Dataset extract →
# # # #

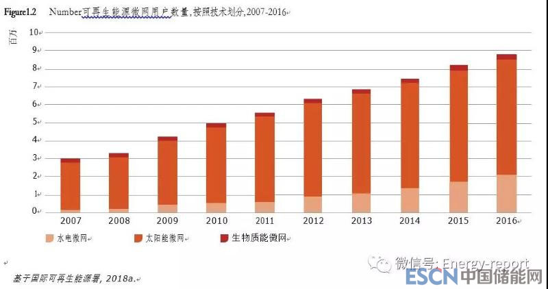 在過去十年中,可再生能源微網的數(shù)量穩(wěn)步增長? 小型水電微網是最廣泛應用的,將大多數(shù)終端用戶連接到微網中(圖1.2)?由于成本的快速降低和技術的大幅改進,太陽能光伏(PV)最近得到了迅猛增長,從2008年的11兆瓦容量增加到2017年的308兆瓦?
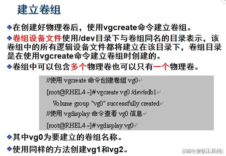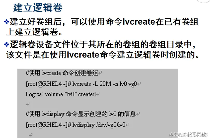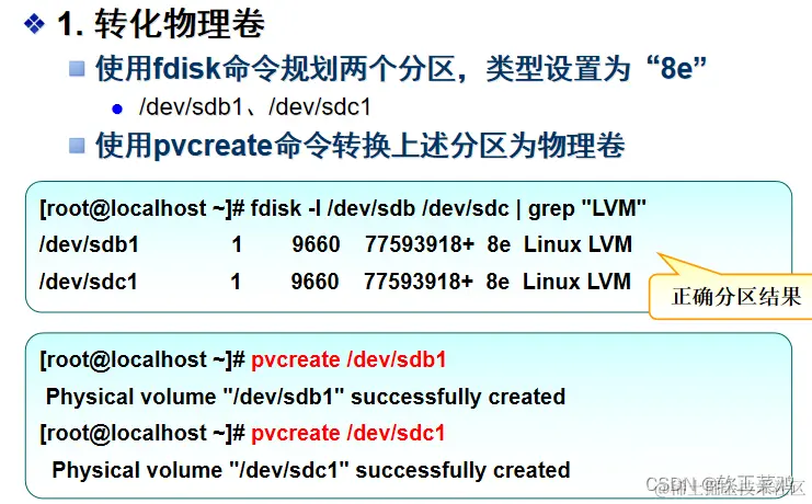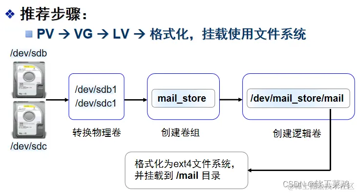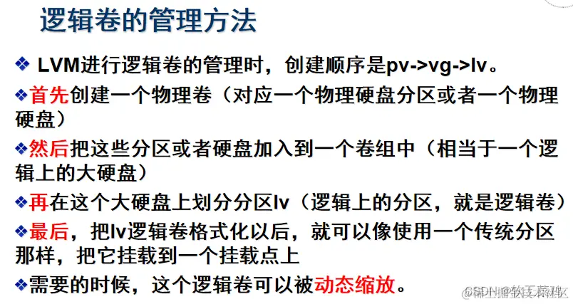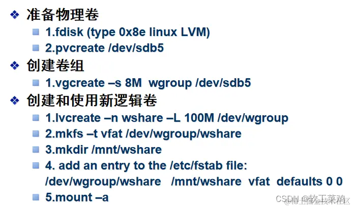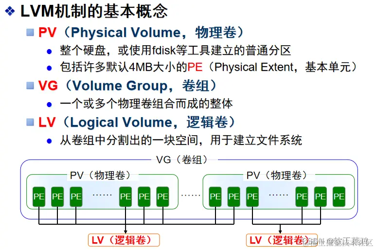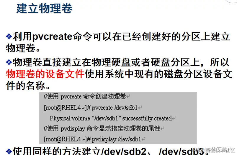 重点说明创建LVM文件系统的基本过程(3个步骤):先PV,再VG,最后LV:
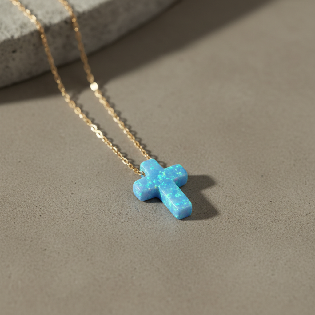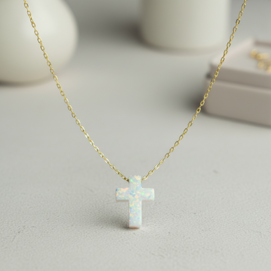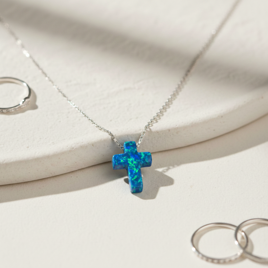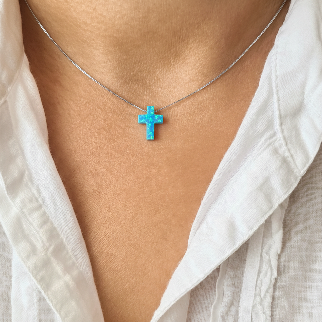 Cruz de ópalo con brillos únicos en cadena fina de acero o plata 925.
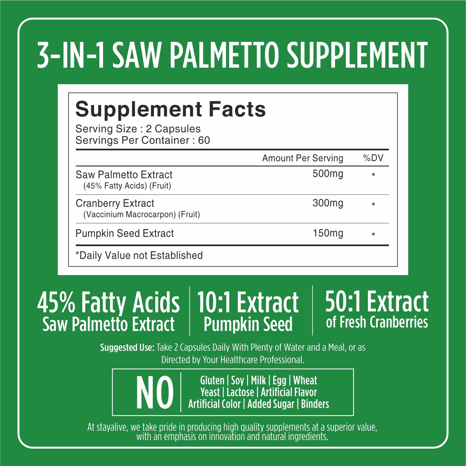 Elevate your health with StayAlive Saw Palmetto Capsules, enriched with Cranberry and Pumpkin Seed Extract. This meticulously crafted blend offers 950mg per serving and is designed to support urinary health, prostate wellness, and hair vitality. Transform your daily health regimen and embrace the comprehensive benefits offered in each capsule.

# # # #

Directions →
Copy the whole of the material above exactly, and exclude every picture.

Response for this exercise →
 在過去十年中,可再生能源微網的數(shù)量穩(wěn)步增長? 小型水電微網是最廣泛應用的,將大多數(shù)終端用戶連接到微網中(圖1.2)?由于成本的快速降低和技術的大幅改進,太陽能光伏(PV)最近得到了迅猛增長,從2008年的11兆瓦容量增加到2017年的308兆瓦?
 重点说明创建LVM文件系统的基本过程(3个步骤):先PV,再VG,最后LV:
 Cruz de ópalo con brillos únicos en cadena fina de acero o plata 925.
 Elevate your health with StayAlive Saw Palmetto Capsules, enriched with Cranberry and Pumpkin Seed Extract. This meticulously crafted blend offers 950mg per serving and is designed to support urinary health, prostate wellness, and hair vitality. Transform your daily health regimen and embrace the comprehensive benefits offered in each capsule.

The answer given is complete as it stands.